## Try it
Report each line from the entries in which "with" can be found.

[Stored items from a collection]
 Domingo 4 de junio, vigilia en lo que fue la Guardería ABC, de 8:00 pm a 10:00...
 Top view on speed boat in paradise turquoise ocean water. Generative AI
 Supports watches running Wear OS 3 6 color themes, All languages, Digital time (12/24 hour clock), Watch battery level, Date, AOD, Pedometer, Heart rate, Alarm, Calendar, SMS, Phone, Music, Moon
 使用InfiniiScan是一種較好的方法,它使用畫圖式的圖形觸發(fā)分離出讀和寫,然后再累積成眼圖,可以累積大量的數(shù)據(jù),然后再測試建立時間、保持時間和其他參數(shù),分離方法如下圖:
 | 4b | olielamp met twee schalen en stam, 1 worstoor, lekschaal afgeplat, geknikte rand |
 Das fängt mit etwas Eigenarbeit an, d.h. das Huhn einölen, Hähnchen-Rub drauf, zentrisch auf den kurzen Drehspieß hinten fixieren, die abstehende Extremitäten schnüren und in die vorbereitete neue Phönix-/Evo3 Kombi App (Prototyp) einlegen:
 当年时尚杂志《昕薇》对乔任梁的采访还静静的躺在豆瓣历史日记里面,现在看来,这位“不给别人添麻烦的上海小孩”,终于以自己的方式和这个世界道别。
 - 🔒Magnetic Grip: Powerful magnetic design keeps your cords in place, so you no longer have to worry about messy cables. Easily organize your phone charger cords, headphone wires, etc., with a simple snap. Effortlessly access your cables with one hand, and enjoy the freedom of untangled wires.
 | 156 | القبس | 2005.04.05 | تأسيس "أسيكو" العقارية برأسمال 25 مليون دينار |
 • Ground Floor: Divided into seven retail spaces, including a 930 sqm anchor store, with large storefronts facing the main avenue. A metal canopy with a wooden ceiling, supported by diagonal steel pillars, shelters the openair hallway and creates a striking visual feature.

## Task result
 - 🔒Magnetic Grip: Powerful magnetic design keeps your cords in place, so you no longer have to worry about messy cables. Easily organize your phone charger cords, headphone wires, etc., with a simple snap. Effortlessly access your cables with one hand, and enjoy the freedom of untangled wires.
 • Ground Floor: Divided into seven retail spaces, including a 930 sqm anchor store, with large storefronts facing the main avenue. A metal canopy with a wooden ceiling, supported by diagonal steel pillars, shelters the openair hallway and creates a striking visual feature.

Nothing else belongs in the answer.